**RECORDS SHOWN**:
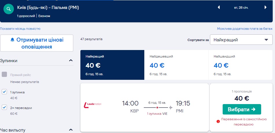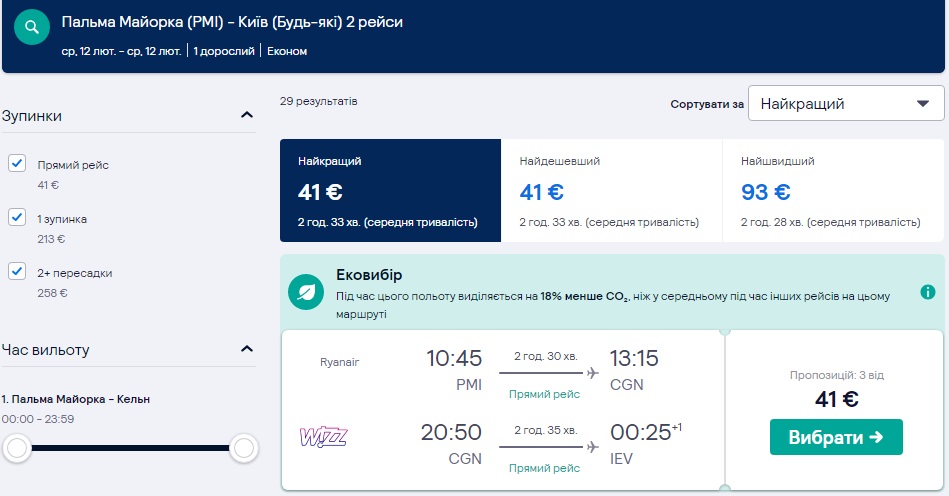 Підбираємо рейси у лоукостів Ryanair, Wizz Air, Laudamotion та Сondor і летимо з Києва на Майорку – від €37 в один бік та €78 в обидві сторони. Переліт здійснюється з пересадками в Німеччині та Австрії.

* * *

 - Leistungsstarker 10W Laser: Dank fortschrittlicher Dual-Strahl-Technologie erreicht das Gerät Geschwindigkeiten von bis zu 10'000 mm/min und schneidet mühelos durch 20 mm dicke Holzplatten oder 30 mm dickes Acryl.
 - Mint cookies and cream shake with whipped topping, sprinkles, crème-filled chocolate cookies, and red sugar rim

**EXERCISE BRIEF**: From the entries above, write out only the lines starting at the line that holds "- Leistungsstarker 10W" and ending at the line that holds "- Mint cookies", keeping both and matching them exactly.

**SOLVED EXERCISE**:
 - Leistungsstarker 10W Laser: Dank fortschrittlicher Dual-Strahl-Technologie erreicht das Gerät Geschwindigkeiten von bis zu 10'000 mm/min und schneidet mühelos durch 20 mm dicke Holzplatten oder 30 mm dickes Acryl.
 - Mint cookies and cream shake with whipped topping, sprinkles, crème-filled chocolate cookies, and red sugar rim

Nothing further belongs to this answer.